No, she told herself. He needs me alive.
“I’ve killed many people, Sita,” Klien told her matter-of-factly. “I would suffer no compunction at killing you, too.”
She wanted to call his bluff, then, tell him that if he killed her he would never know who kidnapped her. But something in his manner made her realise that this would be a mistake. He had lost his urbane charm, or arrogance, and he was close to breaking point. There was a light in his eyes that was almost maniacal.
She shook her head. “You’ve got it all very wrong, Mr Klien. You see, there were no kidnappers.” String it out, she told herself. Play for time…
He barked a laugh. “No? Then who robbed your father’s safe? Who took the softscreen?”
“I took the softscreen, Mr Klien. I ran away from home, but first opened the safe and took some money and the screen.” She shrugged. “People must have thought that I was taken by whoever stole the softscreen, but that wasn’t how it happened.”
That gave him pause to consider. He watched her, his mind ticking over.
He nodded slowly and licked his lips. “Very well.” His voice was no longer the sophisticated drawl. The words caught in his throat. He was so close, after all, to what he had sought for such a long time. “Very well, Sita. Now tell me, what did you do with the softscreen?”
She smiled. “I kept it, of course. I lived on the streets for five years and kept it with me. It was a source of great entertainment for me and my friends. We—”
He interrupted. “Where is it now, Sita?”
She hesitated. She imagined the security team, hurrying towards the apartment. Play for time…
“Tell me why you need it, and I’ll tell you where it is.”
His reaction scared her. He moved forward, jabbing the gun at her. “Tell me!”
“Ah-cha, ah-cha…”
She glanced through the window. Shiva! In the street below she saw an unmarked truck draw up, half a dozen plainclothes men jump out. She thought she might pass out with fear and dread.
“Sita, if you don’t tell me…”
“Ah-cha. It’s… I sold it. I sold it to…” She bit her lip, feigning concentration. She heard footsteps on the stairs.
“Who? Who did you sell it to, Sita?” He stared at her, something insane in his eyes. He raised his pistol and directed it at her chest.
She heard a movement in the doorway. The door swung back, smacking the wall. The first shot turned the window behind Klien’s head to molten, dripping slag. Rana saw a security marksman crouching in the doorway.

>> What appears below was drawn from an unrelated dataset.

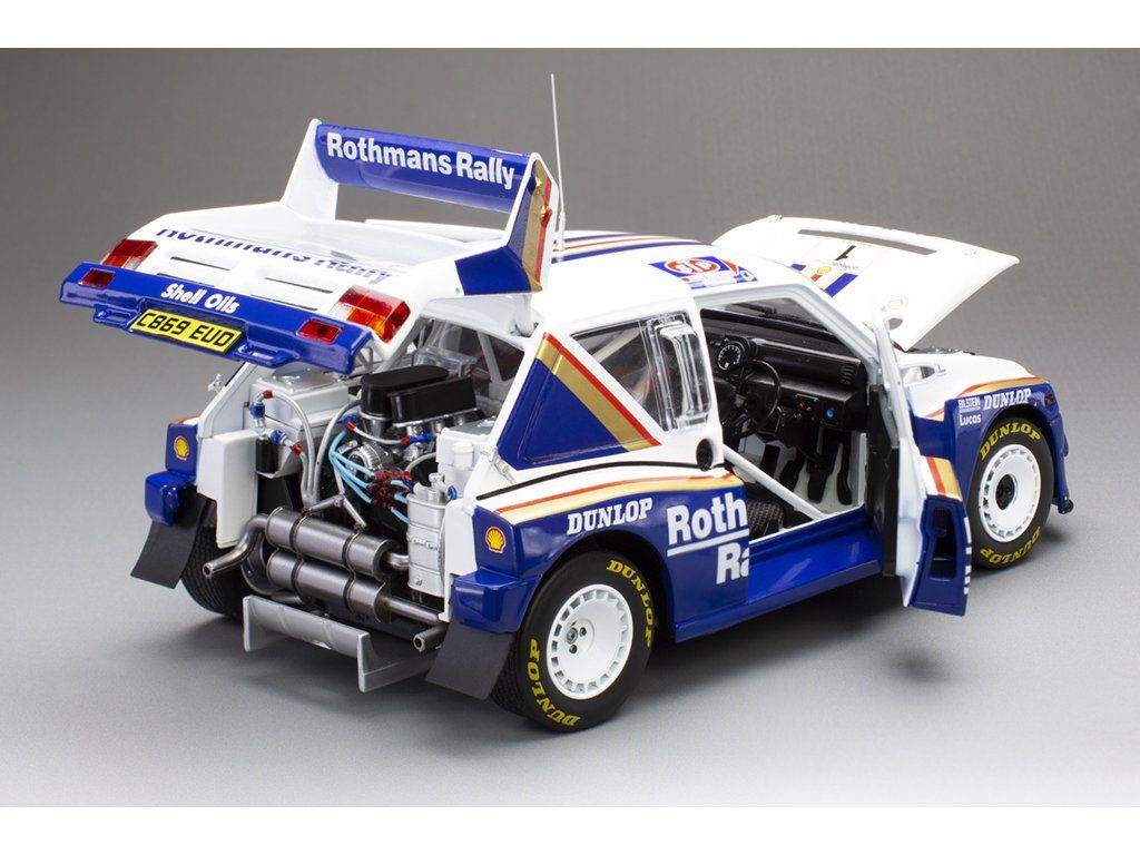 Model soutěžního automobilu MG Metro 6R4 v měřítku 1:18, jehož zpracování odpovídá tradičně vysokým standardům značky Sun Star. Otevíratelná kapota a dveře, řiditelná přední náprava. Hotový (sestavený) sběratelský model. Určen k vystavení.

Klien ducked and swung his weapon, fired instantly. The marksman screamed and fell as the laser hit him in the head.
Rana watched with a sense of disbelief as Klien turned towards her. She could intuit his intentions from the look in his eyes. She began to plead with him, but, almost sadly, he shook his head. In the second before his finger pressed the trigger, she imagined that she saw something like pity in his eyes.
She screamed, and Klien fired.
The laser hit Rana in the chest and she fell back against the wall. She slid to the floor, staring at Klien in disbelief. The pain seemed to fill every cell of her body with agonising fire.

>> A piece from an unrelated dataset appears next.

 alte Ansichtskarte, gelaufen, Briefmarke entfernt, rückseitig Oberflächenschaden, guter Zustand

He fired again, this time at another security officer in the doorway. He dived across the room, sending a barrage of shots through the wall. He ran to the doorway and scanned the hall, firing all the time. Rana heard another cry.
He paused and looked back at her. His gaze fell to the hole burned in her chest. For a brief second she thought that he was about to fire again and finish her off, but instead he moved through the door and disappeared, and something in his confident dismissal of her fate frightened her even more than the thought of the coup de grâce.
Rana began to cry. She reached up and fingered the wound in her chest. The skin between her breasts was burned and blackened, and though the pain pulsed through her body in sickening waves, worse than the pain was the thought that she was dying.
It was this knowledge, that after such a short life, at just twenty-three, she was going to die so needlessly, that made her cry like a child.
Rana’s vision blurred. Nascent in her thoughts, but cut short, was the satisfaction that at least Klien had failed to find the softscreen.